Some church voices will lament Trump’s efforts, waving the banner of “social justice” and quoting Scripture out of context. But social justice is not about endless handouts or sanctioning disorder. It is about fostering a society where every person can live with dignity, responsibility, and safety.

That means recognizing difficult realities:

  • The path out of homelessness is arduous and complicated by mental illness, addiction, and sometimes criminality.
  • Personal responsibility plays a role; even if diminished in particular circumstances, it cannot and should not a priori be erased.
  • Public officials have a fiduciary duty to ensure safety and order for all citizens, including those who work, shop, and raise families in America’s cities.

The Church must do more than call for endless funds from the state or tolerate dysfunction. True charity requires resources and resolve to restore dignity through stable housing, mental health care, and employment — not enabling squalor in public spaces. It is not resolved by houses without personal conversion.

This is not “anti-poor”; it is pro-human dignity. Streets must be reclaimed as public goods, places of commerce and community, not refuges for squalor. The Church should lead by example, funding and administering real works of mercy independently, embodying subsidiarity and solidarity together.

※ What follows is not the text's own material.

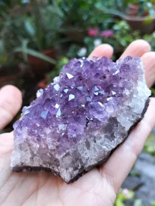 Splendido esemplare di Ametista dell' Uruguay con cristalli viola intenso da 137 grammi e una tormalina nera inclusa. Un pezzo unico per collezionisti. - Peso: 137 grammi. - Provenienza: Uruguay. - Cristalli di ametista. - Incluso un esemplare di Tormalina Nera

The Gospel calls us to love the poor, but it also calls us to truth and order. Let us reject the false mercy that tolerates disorder and instead build a society where all can flourish. That may require a different approach to the homelessness problem.

 

John M. Grondelski (Ph.D., Fordham) was former associate dean of the School of Theology, Seton Hall University, South Orange, New Jersey. All views expressed herein are exclusively his.